So, what does Landemaine have to say?  Wish I knew.  I have been unable to locate a copy.  Maybe not really a language barrier, but I usually have some hope of tracking down obscure publications in English, and little for those in other languages.  It would appear that Landemaine removed a number of species, including the one of interest, from the genus Cretolamna and “erected” Serratolamna for them.  This raises still another question, when and how did Otodus serratus move into Cretolamna?  His piece might tell me, but . . . .  [A much later edit:  O. Landemaine very kindly commented on this post, noting that his paper is now available on the web.  The link is here (click on the white arrow in the green button).  After I do some translating from the French, I'll see what he has to say on the subject.]

Having run into this dead end, I went back to Agassiz’s description of O. serratus and, on a whim, tracked down this Bronn character whose collection held the specimens illustrated in Recherches.  Sheer serendipity when it drew me deeper into the scientific translation maze.

Agassiz knew Heinrich Georg Bronn (1800 – 1862) well; in 1826, as a 19-year-old, Agassiz attended Bronn’s lectures on paleontology at the University of Heidelberg.  Bronn had been educated at the University and spent his career there, teaching natural history and zoology, among other subjects.  In time, he became “Germany’s most distinguished paleontologist, known for detailed fieldwork in Italy and throughout Western Europe, identifying and sequencing strata of sedimentary rock and the fossils they contained.”  (Sander Gliboff, H.G. Bronn and the History of Nature, Journal of the History of Biology, June 2007, p. 262.)  According to historian Edward Lurie, Bronn “took a personal interest in [the student Agassiz] and showed him how to study collections of fossils illustrating the history of the earth and its extinct species.”  (Louis Agassiz:  A Life in Science, p. 21.)

Agassiz also rose to prominence as a leading paleontologist in Europe and then emigrated to the United States in the late 1840s, where, in the ensuing decade, he reshaped American science and science education.  On a trip to Europe in the summer of 1859, Agassiz purchased Bronn’s fossil collection for Harvard’s Museum of Comparative Zoology, from which he, in turn, taught students back in Cambridge, Massachusetts.  (Lurie, Louis Agassiz, p. 238.)

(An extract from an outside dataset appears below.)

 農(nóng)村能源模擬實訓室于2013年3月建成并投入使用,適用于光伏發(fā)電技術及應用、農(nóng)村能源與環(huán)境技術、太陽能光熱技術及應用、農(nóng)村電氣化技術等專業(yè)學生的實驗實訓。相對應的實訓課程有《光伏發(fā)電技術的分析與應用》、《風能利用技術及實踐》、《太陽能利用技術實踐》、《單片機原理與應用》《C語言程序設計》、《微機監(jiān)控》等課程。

If Agassiz met with Bronn to complete the purchase, I’d love to have eavesdropped on that conversation (my little bit of searching has turned up no evidence they did).  Surely, Agassiz would have been charming, though he would likely have been convinced that he had long since eclipsed his old teacher.  I would guess that Agassiz knew of Bronn’s work of the 1840s and 1850s, work that constituted a powerful rebuttal to Agassiz’s theory of catastrophism (periodic catastrophes wiping out all species, followed by mass creation of new species with divine intervention under a divine plan).  According to science historian Sander Gliboff, Bronn “was most keen to refute” Agassiz.  (H.G. Bronn, p. 12.)

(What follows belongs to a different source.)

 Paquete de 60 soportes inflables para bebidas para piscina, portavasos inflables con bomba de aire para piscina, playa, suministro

In his own theory, Bronn identified natural laws to explain the living world as he found it; the adaptation of species to their environment constituting a central one.  Change in the environment led to the extinction of species maladjusted to those changes.  The extinction occurred for individual species, not entire fauna.  In Bronn’s theory, species remained distinct, unrelated entities.  He remained agnostic as to how new species came into being.  In the preceding two decades, Bronn had made a break with the pre-Darwinian biology in Germany, rejecting in particular the constellation of ideas that argued that organic change was a matter of internally directed progress toward “perfect” forms or types.  (Although my descriptions of Bronn’s theorizing have relied on Gliboff’s work cited here, any inaccuracies in translating Gliboff’s text into my words are all mine.)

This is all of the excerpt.